-- Action item --
In the records below, find the line holding "Solid Wood Wall-Mounted" and the line holding "I almost never". Set down both, with every line between them, exactly.

-- The input --
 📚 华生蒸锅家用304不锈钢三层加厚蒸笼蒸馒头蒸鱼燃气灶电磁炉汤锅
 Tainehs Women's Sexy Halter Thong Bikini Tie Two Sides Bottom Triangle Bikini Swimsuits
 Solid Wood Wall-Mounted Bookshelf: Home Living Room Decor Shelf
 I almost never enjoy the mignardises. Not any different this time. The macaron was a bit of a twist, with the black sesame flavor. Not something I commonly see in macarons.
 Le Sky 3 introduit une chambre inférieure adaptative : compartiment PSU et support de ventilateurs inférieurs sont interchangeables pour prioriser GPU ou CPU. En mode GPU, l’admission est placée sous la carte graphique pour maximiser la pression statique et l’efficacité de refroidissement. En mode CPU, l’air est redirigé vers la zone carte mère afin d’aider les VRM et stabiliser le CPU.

--

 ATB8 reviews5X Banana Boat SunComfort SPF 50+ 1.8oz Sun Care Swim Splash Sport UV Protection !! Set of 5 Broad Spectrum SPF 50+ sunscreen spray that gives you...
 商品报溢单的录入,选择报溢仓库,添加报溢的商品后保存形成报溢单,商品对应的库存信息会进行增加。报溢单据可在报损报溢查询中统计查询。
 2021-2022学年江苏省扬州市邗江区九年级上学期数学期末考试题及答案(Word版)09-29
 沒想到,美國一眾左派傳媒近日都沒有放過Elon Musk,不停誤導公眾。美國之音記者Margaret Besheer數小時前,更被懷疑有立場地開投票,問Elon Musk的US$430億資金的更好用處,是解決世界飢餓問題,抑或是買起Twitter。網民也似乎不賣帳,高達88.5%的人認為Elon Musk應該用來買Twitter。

-- Written solution --
 Solid Wood Wall-Mounted Bookshelf: Home Living Room Decor Shelf
 I almost never enjoy the mignardises. Not any different this time. The macaron was a bit of a twist, with the black sesame flavor. Not something I commonly see in macarons.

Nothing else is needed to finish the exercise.